Abstract

Infection with HIV-1 causes CD4 + T-cell dysfunction, including unresponsiveness to antigenic stimuli. To understand the mechanism of virally induced T-cell dysfunction, we investigated changes occurred in functional CD4 + T-cell subsets in the peripheral CD4 + T-cell pool in chronically infected aviremic individuals treated with antiretroviral therapy. We phenotypically defined CD4 + T-cell subsets by surface markers and determined the frequency of each subset by flow cytometry.
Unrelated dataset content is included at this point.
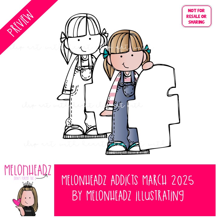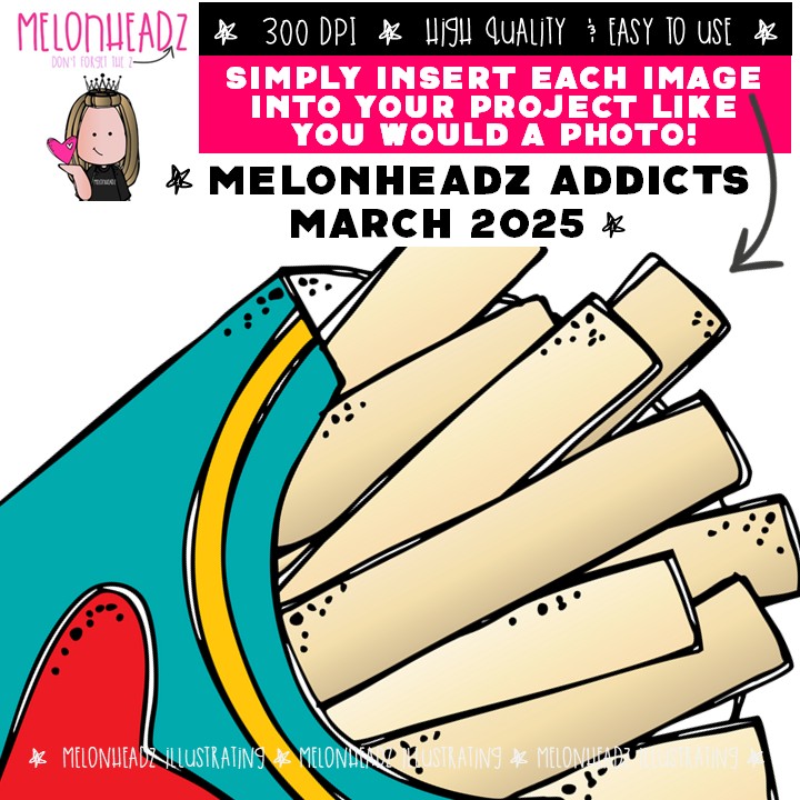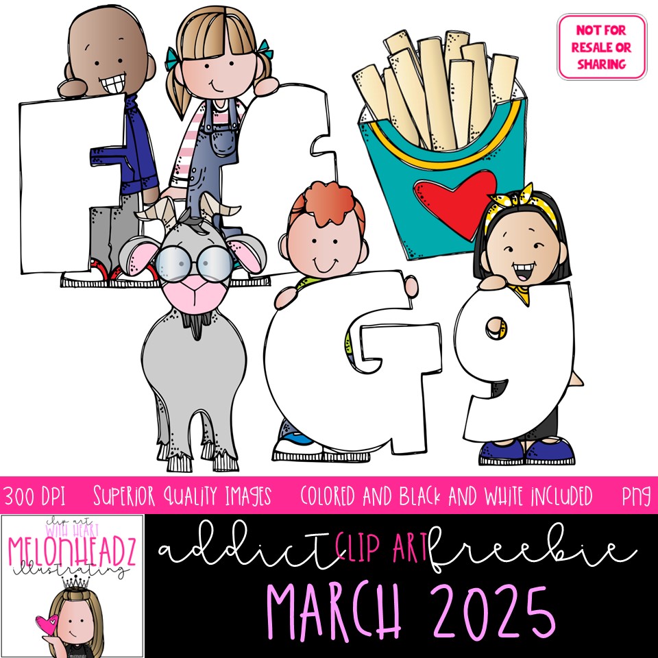 Melonheadz Addicts March 2025 clip art, Alphabet Mini: This illustrated set contains all of the clip art images as shown in the preview picture. COLORED and BLACK AND WHITE illustrations included.
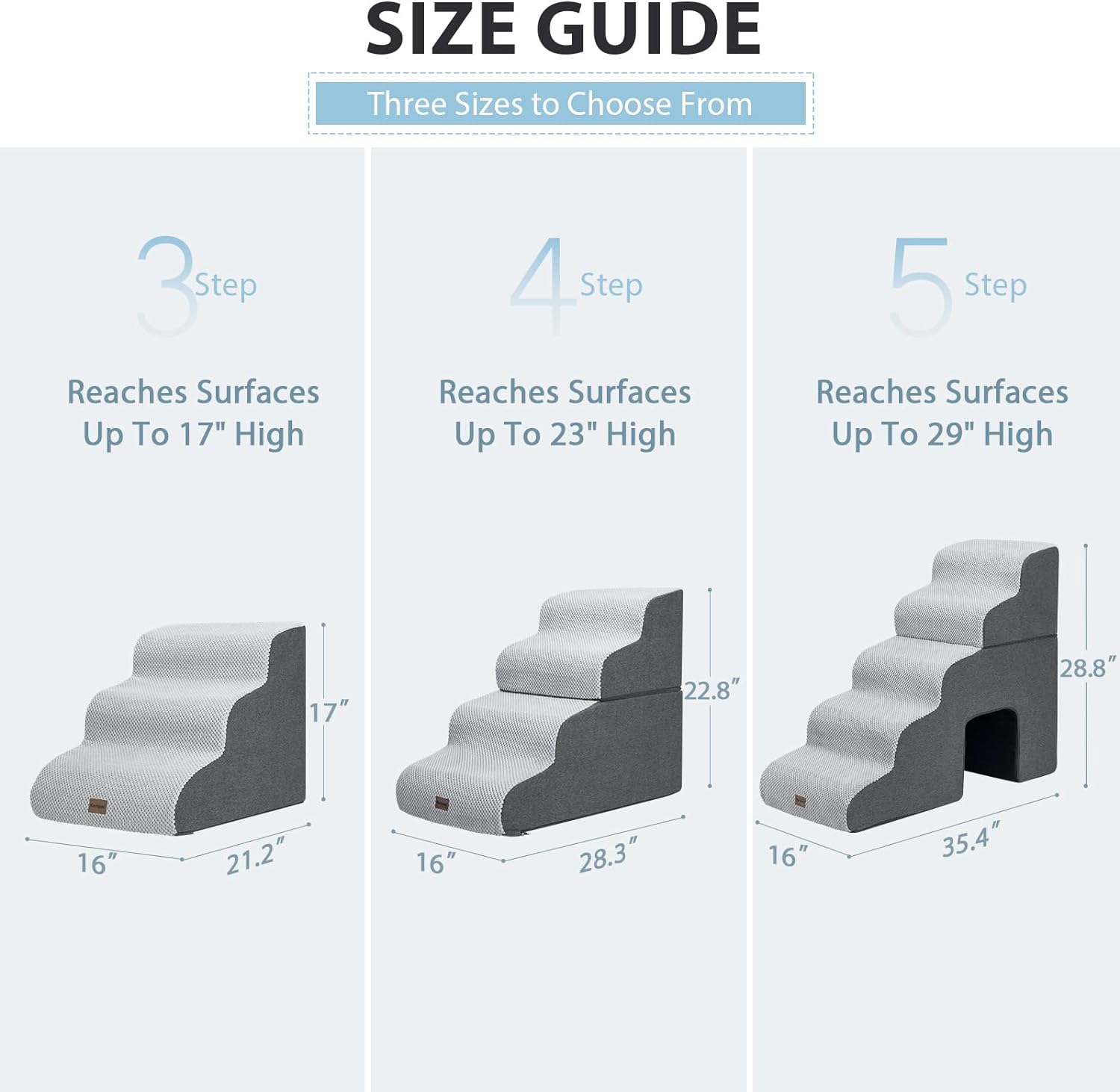 - MULTIPLE STEP SIZES - This pet stair has 3 steps, 4 steps and 5 steps to choose. Our 3-step stairs fit chair/sofa/bed up to 20inch. 4-step stairs fit chair/sofa/bed up to 24inch. And 5-step stairs with a hole for pets to play fit chair/sofa/bed up to 28inch.

A substantially low naïve and elevated effector subsets were observed in chronically infected patients with nadir CD4 counts <100 cells/μl. The skewed distribution persisted in these patients even after their CD4 counts increased, and the subset imbalance was still observed in all four subsets after years of successful antiretroviral therapy. They also showed a limited recovery of CD4 + T-cell counts compared to those who maintained at least 250 CD4 + T cells/μl after 3–11 years of successful treatment since CD4 nadir time points. The difference was pronounced in the absolute numbers of naïve and T EM cells. Our results suggested a significant and prolonged impact of nadir CD4 counts on the balanced distribution of the functional CD4 + T-cell subsets and may explain partially why antiretroviral therapy needs to be initiated while patients' CD4 counts remain relatively high.